On Fri, 2023-07-21 at 18:35 +0100, Matthew Garrett wrote:
> On Fri, Jul 21, 2023 at 10:55:39AM +0200, Marco d'Itri wrote:
> 
> > Unless somebody has a better idea then then my plan is to ship in the 
> > next upload of kmod a file in /etc/modprobe.d/ which uses the blacklist 
> > directive to prevent automatically loading some file system modules.
> 
> I think this would break any existing fstab entries that reference hfs 
> and hfsplus, and the convenient way to integrate Linux boot with x86 
> Macs is certainly to have an hfsplus EFI partition so this may be a 
> legitimate use-case. It also means that anyone who has a need to use one 
> of these filesystems in a static manner is vulnerable to automount 
> attacks using them.

Right, auto-loading of filesystems has to keep working.  And since
mount() of arbitrary filesystems is restricted to root (CAP_NET_ADMIN
in the initial namespace), we should let the callers apply a block- or
allow-list.

The reason we have to disable auto-loading of network protocols is that
socket creation is generally an unprivileged operation, so there's no
trusted user-space that can apply the policy (besides kmod).

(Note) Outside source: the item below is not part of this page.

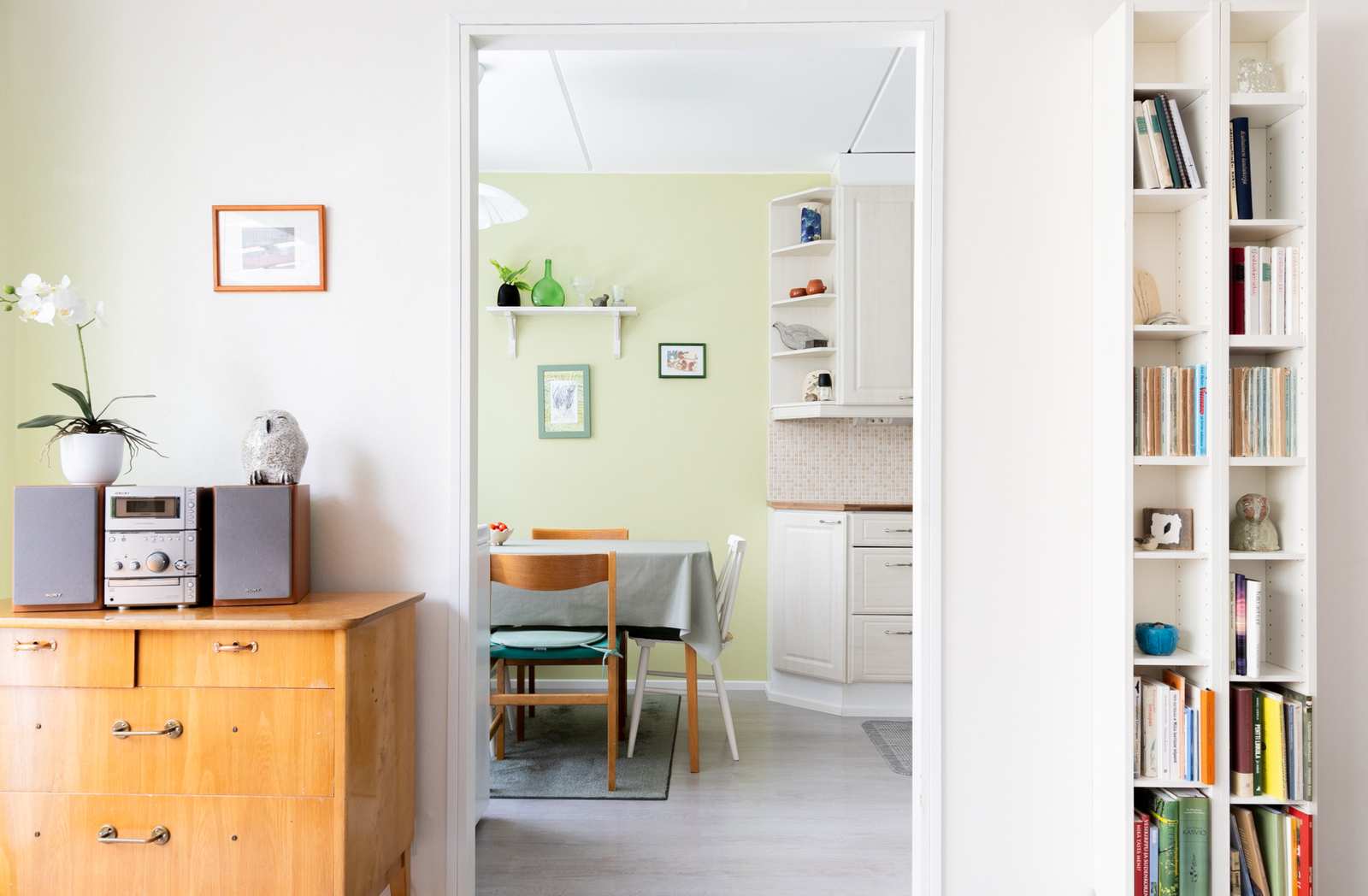 Olohuone | Olohuoneessa lattia laminaattia, seinät tapetti. |

> Completely untested, but I think something along the lines of:
> 
> SUBSYSTEM!="block", GOTO="udisks_insecure_fs_end"
> ENV{ID_FS_TYPE}=="hfs", ENV{UDISKS_AUTO}="0"
> ENV{ID_FS_TYPE}=="hfsplus", ENV{UDISKS_AUTO}="0"
> LABEL="udisks_insecure_fs_end"
> 
> in a udev fragment should work? Any static fstab or mount units should 
> still work, but it should disable udisks automounting regardless of the 
> desktop agent involved, even if the fs modules are already loaded.

I agree we should not have UDisks probing for any of the (many) kernel
filesystems that aren't being actively maintained including responding
to security issues.

Beyond that, I would also like to see libmount limiting the filesystems
that it will probe when the fstab type is "auto".  But since UDisks
normally handles mounting for unprivileged users, that's probably less
of a concern.

Ben.

-- 
Ben Hutchings
If you seem to know what you are doing, you'll be given more to do.